It took me some time to get use to the old-fashioned name, but I have always loved breakfast in Ghana. My typical routine in West Legon was to wake up around 6 am and do a bit of reading. Before 7 am I would wander down to Haatso (pronounced HA-choh) junction (see map of Haatso above), buy a Daily Graphic (Ghana's paper of record) and a bowl of koko

As I understand it, koko originates with the Hausas of West Africa. It is a millet porridge, brownish in color, spiced with ginger (I think there are some variations on this). I add nkateɛ ("groundnuts," Americans say peanuts) and sugar (Ghanaian customers sometimes skip the sugar). I might be slightly off, but if I recall correctly, a bowl of koko was about 50 Ghana pesawas (less than 50 US cents) and then sometime 2007 it went up to 70 Ghana pesawas. I would often complement the millet porridge with one or two kose (Hausa, "bean cakes").


Rice and Milk

During one of several visits to Klikor, a Ewe village in the Volta Region of eastern Ghana, (roughly a 20 minute ride from the Togo border) a "small girl" served me what I assumed would be koko. But when I looked down at the bowl I was surprised to see something different but familiar--a rice and milk porridge--Ghanaians call it "rice water."[1]

This meal brought back memories and raised a few questions.

Rice and Milk
When I was a youngin' my mom would occasionally serve us rice and milk porridge--we added butter and sugar. In fact the porridge before me tasted nearly identical to my mom's porridge. So I got to wonderin' how this dish arrived in Ghana. 
 Was it an independent invention or was it introduced during colonialism or some other period? Was "rice water" an African meal that our enslaved Ancestors reproduced during slavery? 

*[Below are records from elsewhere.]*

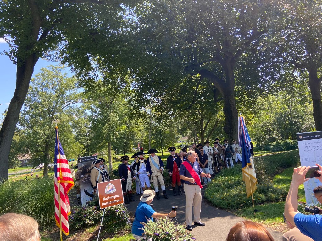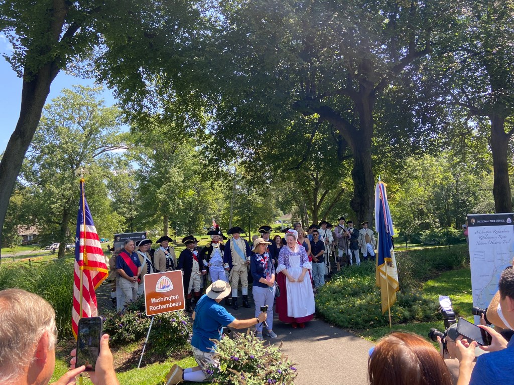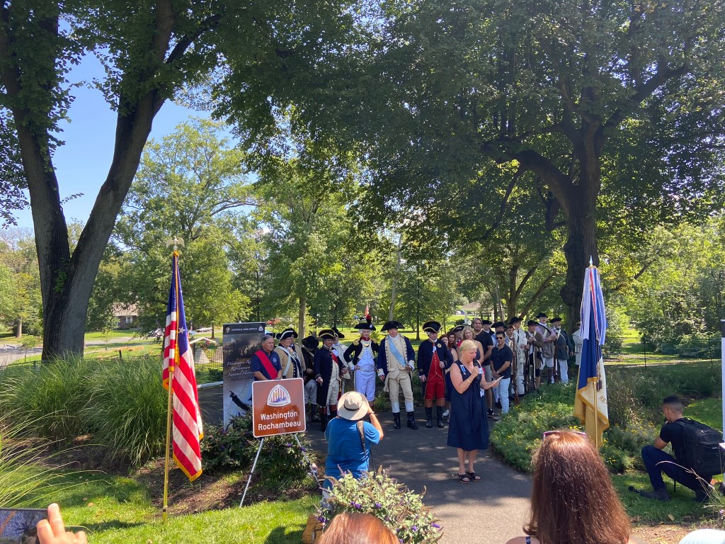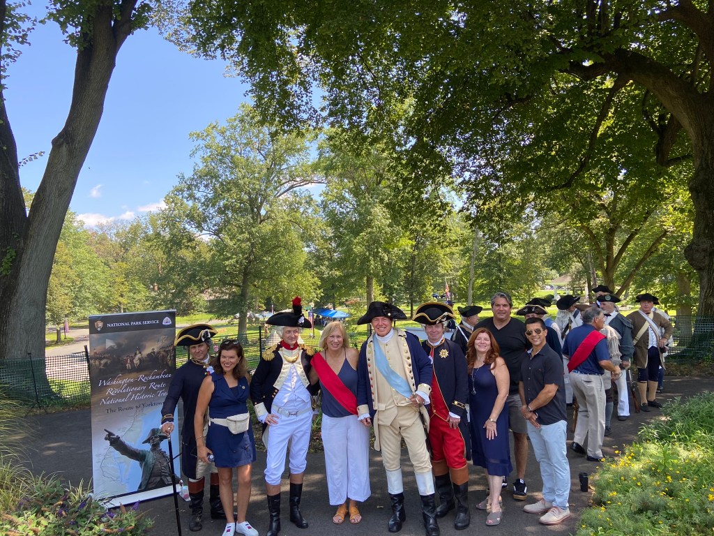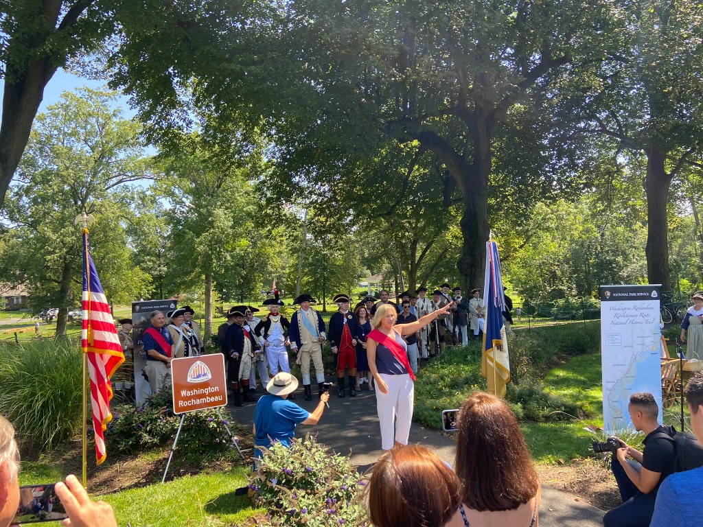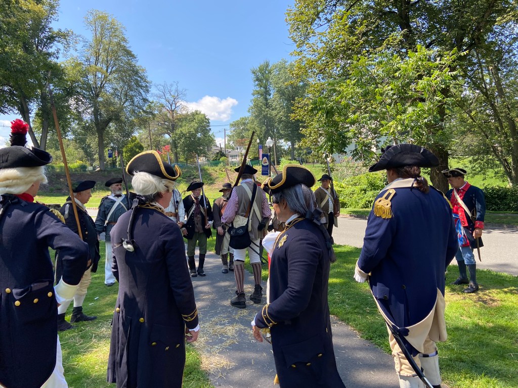 The event began with an opening ceremony at Mindowskin Park. Re-enactors included Washington, Rochambeau, General Chastellux, and the Marquis de Lafayatte. Speakers during the opening ceremony included Julie Diddel, W3R-NJ Chair, who explained the significance of the Washington-Rochambeau Historical Route, as well as Westfield’s role in the Revolution. She did a fantastic job organizing and running the event. Speakers also included Westfield mayor Shelley Brindle, State Senator Jon Bramnick, and others.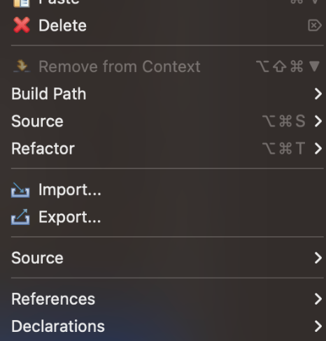패키지나 프로젝트를 오른쪽 클릭합니다.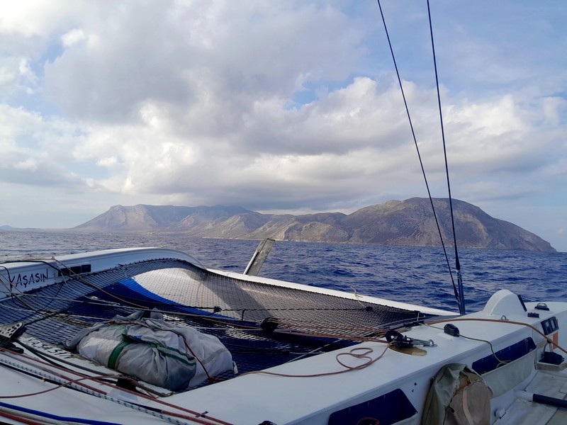 L’équipe de quart suivante, qui semble un peu plus expérimentée, prend son quart en seconde partie de nuit et passe le détroit des Dardanelles dans un vent mollissant, que nous dépassons au petit matin. Nous voilà déjà en mer Egée. Les nuages bas et les grains laissent place à une mer ensoleillée, un vent stable et modéré, et nous avalons la mer Egée à 15 à 20 nœuds de moyenne.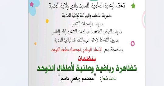 يحتضن هذا الخميس 01 جوان 2023 المركب المتعدد الرياضات إمام الياس بالمدية التظاهرة الرياضية الوطنية لأطفال التوحد، والتي ستنظمها مديرية الشباب والرياضة لولاية المدية بالتنسيق مع مديرية النشاط الاجتماعي والتضامن و الاتحاد الوطني لجمعيات طيف التوحد وبمساهمة كل من ديوان مؤسسات الشباب ، ديوان المركب المتعدد الرياضات إمام الياس ،جمعية الزهرة التضامن مع أطفال التوحد ، وبتأطير من الرابطة الولائية للرياضة للجميع ، حيث من المنتظر مشاركة21 ولاية من الوطن في أربعة اختصاصات رياضية

Turns out that the latter query is not likely. Rice farming was introduced to European colonialist in North America by enslaved African women from the Grain Coast.[2] However, New World dairy consumption was apparently introduced by Europeans. [3]


Afro-Jewish America

My (adopted) mother was born and raised in Des Moines, Iowa. She wondered if the porridge might be of Jewish-American origin. She was raised by her grandmother who was half Jewish and half African American. Back in her grandmother's day, poor Jews and African Americans worked side-by-side in coalmine camps. It was not uncommon for Jewish women to have relationships with African American men in the camps. 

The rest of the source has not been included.